## Line Graphs: Naming Accuracy vs. Decomposition Accuracy Across Model Sizes
### Overview
The image contains two line graphs comparing accuracy metrics (Naming Accuracy and Decomposition Accuracy) across different model sizes (10⁻¹ to 10² billion parameters). The graphs include human performance baselines, random chance baselines, and three model configurations (1 Row, 2 Rows, 3 Rows). Key trends show performance improvements with increasing model size and row configurations.
---
### Components/Axes
- **X-axis**: Model Size (Billion Parameters)

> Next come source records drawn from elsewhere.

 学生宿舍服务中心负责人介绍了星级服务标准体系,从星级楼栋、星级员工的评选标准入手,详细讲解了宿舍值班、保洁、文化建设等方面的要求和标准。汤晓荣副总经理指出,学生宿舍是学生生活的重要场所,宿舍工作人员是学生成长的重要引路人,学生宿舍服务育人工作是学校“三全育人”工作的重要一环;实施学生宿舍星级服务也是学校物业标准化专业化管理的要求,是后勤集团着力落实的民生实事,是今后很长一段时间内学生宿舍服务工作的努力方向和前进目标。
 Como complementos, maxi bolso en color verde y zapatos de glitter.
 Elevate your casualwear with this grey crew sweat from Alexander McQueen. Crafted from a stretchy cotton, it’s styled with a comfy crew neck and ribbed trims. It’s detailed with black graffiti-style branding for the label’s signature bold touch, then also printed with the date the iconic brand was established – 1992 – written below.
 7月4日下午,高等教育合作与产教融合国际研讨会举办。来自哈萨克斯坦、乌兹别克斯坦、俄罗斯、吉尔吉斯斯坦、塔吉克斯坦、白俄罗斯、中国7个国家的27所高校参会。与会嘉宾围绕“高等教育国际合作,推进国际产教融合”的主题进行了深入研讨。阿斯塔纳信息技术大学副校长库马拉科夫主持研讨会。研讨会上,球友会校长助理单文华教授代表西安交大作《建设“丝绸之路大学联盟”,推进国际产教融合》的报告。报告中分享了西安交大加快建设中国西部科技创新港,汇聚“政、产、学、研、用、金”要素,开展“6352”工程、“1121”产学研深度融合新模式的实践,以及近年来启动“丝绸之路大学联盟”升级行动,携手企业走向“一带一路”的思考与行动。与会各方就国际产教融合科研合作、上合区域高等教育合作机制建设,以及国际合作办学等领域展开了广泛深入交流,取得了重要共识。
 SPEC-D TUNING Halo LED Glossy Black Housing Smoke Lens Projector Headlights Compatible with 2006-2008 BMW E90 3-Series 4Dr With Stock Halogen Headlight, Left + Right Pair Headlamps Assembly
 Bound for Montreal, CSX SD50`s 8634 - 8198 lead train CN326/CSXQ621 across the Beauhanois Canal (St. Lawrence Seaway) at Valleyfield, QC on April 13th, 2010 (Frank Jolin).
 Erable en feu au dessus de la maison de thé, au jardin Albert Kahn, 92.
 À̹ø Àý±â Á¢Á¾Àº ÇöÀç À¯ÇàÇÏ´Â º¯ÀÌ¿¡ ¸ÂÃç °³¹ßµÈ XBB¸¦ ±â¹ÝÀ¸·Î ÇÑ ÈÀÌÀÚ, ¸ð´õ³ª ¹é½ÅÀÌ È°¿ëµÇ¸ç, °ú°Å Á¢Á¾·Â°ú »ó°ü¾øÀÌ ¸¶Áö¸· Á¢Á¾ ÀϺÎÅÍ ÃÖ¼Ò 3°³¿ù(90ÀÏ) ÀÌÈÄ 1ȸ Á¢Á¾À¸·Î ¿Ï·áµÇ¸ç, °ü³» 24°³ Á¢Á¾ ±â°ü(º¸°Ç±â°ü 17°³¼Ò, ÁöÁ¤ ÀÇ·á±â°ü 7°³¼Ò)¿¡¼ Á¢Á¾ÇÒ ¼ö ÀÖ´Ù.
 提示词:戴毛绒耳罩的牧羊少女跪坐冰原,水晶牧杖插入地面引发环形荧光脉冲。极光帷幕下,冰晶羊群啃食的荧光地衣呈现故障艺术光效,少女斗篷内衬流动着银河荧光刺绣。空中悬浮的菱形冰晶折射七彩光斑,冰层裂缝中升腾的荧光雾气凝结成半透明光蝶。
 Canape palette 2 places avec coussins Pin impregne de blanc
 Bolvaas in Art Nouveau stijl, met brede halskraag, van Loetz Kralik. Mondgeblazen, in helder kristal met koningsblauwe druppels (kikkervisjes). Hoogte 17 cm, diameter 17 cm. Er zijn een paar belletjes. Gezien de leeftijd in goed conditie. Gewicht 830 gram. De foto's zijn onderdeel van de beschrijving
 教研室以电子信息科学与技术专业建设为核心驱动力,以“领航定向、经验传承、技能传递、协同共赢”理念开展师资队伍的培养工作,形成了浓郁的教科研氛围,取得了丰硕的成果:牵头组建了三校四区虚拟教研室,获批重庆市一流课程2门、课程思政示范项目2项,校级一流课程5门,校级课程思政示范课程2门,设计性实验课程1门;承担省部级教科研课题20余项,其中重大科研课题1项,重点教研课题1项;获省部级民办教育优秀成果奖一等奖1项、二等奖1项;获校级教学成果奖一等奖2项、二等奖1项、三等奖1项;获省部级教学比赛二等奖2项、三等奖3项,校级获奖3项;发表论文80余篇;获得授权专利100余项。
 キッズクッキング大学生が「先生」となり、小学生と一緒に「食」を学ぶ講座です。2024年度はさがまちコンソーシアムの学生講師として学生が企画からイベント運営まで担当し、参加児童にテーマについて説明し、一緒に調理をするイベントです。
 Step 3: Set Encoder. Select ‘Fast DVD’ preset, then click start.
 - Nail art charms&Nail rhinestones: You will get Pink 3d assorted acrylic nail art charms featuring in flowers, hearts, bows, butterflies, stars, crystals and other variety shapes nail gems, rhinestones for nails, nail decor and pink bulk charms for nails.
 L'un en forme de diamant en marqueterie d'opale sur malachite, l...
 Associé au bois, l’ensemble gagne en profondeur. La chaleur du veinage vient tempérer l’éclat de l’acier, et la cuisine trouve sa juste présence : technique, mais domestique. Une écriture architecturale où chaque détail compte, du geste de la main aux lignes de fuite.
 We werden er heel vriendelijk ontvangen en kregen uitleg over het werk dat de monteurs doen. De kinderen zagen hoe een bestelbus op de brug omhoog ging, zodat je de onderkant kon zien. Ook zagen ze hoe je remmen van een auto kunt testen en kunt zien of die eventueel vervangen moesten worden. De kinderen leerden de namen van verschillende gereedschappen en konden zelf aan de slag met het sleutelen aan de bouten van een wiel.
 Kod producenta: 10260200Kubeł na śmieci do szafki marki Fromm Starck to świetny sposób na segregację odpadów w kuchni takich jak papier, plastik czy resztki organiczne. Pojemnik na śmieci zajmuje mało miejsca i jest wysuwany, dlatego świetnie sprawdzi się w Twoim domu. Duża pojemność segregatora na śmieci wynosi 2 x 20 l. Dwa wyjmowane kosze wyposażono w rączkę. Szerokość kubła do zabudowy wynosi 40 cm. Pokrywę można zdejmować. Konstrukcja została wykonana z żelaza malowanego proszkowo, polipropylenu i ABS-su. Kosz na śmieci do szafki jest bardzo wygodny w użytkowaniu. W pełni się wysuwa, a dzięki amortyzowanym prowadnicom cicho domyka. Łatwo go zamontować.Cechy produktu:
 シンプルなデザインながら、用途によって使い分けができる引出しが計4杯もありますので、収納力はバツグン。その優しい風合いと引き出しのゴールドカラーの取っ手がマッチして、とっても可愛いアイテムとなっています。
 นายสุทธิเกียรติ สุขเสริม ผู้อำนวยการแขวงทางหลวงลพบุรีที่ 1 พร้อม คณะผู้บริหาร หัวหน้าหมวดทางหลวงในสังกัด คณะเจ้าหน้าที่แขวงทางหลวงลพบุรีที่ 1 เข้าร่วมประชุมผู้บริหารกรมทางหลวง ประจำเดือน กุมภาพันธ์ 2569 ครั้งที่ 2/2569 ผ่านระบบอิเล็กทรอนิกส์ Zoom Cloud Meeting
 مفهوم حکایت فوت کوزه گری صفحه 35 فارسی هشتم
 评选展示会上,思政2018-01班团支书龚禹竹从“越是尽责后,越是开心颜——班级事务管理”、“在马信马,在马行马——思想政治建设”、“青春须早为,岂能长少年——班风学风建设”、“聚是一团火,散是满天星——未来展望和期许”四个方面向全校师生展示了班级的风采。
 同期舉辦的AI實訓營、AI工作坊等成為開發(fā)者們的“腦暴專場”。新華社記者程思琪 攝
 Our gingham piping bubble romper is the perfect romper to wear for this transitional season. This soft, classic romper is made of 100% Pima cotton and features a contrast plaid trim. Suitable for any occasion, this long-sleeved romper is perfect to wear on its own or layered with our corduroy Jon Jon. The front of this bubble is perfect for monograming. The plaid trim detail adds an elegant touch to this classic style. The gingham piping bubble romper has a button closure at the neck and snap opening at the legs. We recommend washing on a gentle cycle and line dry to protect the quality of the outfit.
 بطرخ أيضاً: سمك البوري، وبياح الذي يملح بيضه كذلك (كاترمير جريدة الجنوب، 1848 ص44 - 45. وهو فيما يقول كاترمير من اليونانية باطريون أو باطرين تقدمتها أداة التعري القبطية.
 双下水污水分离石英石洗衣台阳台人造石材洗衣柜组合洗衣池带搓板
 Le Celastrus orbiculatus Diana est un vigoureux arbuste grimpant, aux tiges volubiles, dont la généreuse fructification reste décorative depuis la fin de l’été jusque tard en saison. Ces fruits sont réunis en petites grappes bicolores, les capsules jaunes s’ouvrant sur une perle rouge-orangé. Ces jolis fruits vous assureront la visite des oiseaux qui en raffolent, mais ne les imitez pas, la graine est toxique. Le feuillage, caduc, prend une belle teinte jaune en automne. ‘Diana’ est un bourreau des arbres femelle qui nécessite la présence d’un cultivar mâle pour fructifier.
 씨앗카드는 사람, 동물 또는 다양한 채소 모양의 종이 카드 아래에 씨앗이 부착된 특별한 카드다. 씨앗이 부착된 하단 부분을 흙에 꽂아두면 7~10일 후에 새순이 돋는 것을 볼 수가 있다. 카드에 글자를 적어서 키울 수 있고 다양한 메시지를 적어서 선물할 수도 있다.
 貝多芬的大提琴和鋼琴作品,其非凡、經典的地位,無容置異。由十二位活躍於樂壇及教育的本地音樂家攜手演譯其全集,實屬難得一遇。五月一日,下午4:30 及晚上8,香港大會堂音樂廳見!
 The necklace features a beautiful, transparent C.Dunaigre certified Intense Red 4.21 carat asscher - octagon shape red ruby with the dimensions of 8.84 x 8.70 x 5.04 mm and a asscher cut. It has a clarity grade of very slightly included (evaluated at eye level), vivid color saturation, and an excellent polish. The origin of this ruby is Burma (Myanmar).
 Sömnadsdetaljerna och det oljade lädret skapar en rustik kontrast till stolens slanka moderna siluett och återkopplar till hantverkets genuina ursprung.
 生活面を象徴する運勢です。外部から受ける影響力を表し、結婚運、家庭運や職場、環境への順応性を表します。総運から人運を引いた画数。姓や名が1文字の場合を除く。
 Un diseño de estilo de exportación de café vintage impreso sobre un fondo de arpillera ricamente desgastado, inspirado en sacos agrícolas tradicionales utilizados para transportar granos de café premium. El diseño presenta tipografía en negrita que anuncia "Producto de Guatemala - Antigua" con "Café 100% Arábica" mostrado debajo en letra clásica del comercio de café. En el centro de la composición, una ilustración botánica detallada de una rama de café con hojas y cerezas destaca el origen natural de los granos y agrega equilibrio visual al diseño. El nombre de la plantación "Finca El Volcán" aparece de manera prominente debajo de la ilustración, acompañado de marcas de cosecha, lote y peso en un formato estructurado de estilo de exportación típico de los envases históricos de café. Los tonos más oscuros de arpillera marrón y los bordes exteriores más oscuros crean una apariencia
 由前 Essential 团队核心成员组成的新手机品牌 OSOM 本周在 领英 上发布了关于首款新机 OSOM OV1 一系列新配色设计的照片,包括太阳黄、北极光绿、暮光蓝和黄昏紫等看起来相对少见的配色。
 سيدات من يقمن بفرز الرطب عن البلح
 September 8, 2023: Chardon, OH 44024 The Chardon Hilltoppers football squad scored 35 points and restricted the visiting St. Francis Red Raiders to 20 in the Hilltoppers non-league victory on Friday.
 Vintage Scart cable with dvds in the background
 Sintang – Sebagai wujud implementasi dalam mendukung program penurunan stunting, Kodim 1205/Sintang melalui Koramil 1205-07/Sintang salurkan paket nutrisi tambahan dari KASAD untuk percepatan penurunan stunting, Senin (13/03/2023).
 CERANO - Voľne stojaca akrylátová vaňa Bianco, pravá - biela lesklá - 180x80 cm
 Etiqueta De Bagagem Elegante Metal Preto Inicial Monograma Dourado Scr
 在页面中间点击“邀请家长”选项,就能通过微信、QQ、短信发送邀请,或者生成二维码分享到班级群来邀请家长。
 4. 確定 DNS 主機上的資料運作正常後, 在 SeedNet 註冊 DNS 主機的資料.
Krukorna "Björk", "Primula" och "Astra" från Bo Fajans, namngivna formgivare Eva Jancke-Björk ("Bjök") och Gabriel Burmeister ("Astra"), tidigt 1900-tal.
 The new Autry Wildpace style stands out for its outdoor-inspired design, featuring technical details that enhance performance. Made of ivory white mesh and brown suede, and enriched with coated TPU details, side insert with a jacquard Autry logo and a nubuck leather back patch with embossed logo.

- Logarithmic scale: 10⁻¹, 10⁰, 10¹, 10²
- **Y-axis (Left Graph)**: Naming Accuracy (0–1)
- **Y-axis (Right Graph)**: Decomposition Accuracy (0–1)
- **Legends**:
- **Human**: Green dashed line (Naming: ~0.85, Decomp: ~0.85)
- **Rel-AIR**: Purple dotted line (Naming: ~0.9, Decomp: ~0.9)
- **CoPINet + ACL**: Blue dotted line (Naming: ~0.95, Decomp: ~0.95)
- **Random**: Black dotted line (Naming: ~0.5, Decomp: ~0.5)
- **1 Row**: Pink line (Naming: 0.2→0.35, Decomp: 0.25→0.45)
- **2 Rows**: Orange line (Naming: 0.25→0.6, Decomp: 0.4→0.75)
- **3 Rows**: Teal line (Naming: 0.25→0.7, Decomp: 0.45→0.85)
---
### Detailed Analysis
#### Left Graph (Naming Accuracy)
- **Human**: Flat green dashed line at ~0.85.
- **Rel-AIR**: Flat purple dotted line at ~0.9.
- **CoPINet + ACL**: Flat blue dotted line at ~0.95.
- **Random**: Flat black dotted line at ~0.5.
- **1 Row**: Starts at 0.2 (10⁻¹) and rises to 0.35 (10²).
- **2 Rows**: Starts at 0.25 (10⁻¹) and rises to 0.6 (10²).
- **3 Rows**: Starts at 0.25 (10⁻¹) and rises to 0.7 (10²).
#### Right Graph (Decomposition Accuracy)
- **Human**: Flat green dashed line at ~0.85.
- **Rel-AIR**: Flat purple dotted line at ~0.9.
- **CoPINet + ACL**: Flat blue dotted line at ~0.95.
- **Random**: Flat black dotted line at ~0.5.
- **1 Row**: Starts at 0.25 (10⁻¹) and rises to 0.45 (10²).
- **2 Rows**: Starts at 0.4 (10⁻¹) and rises to 0.75 (10²).
- **3 Rows**: Starts at 0.45 (10⁻¹) and rises to 0.85 (10²).
---
### Key Observations
1. **Human Performance**: Both graphs show human accuracy (~0.85) as a consistent baseline.
2. **Model Performance**:
- **CoPINet + ACL** outperforms all other models, approaching human-level accuracy.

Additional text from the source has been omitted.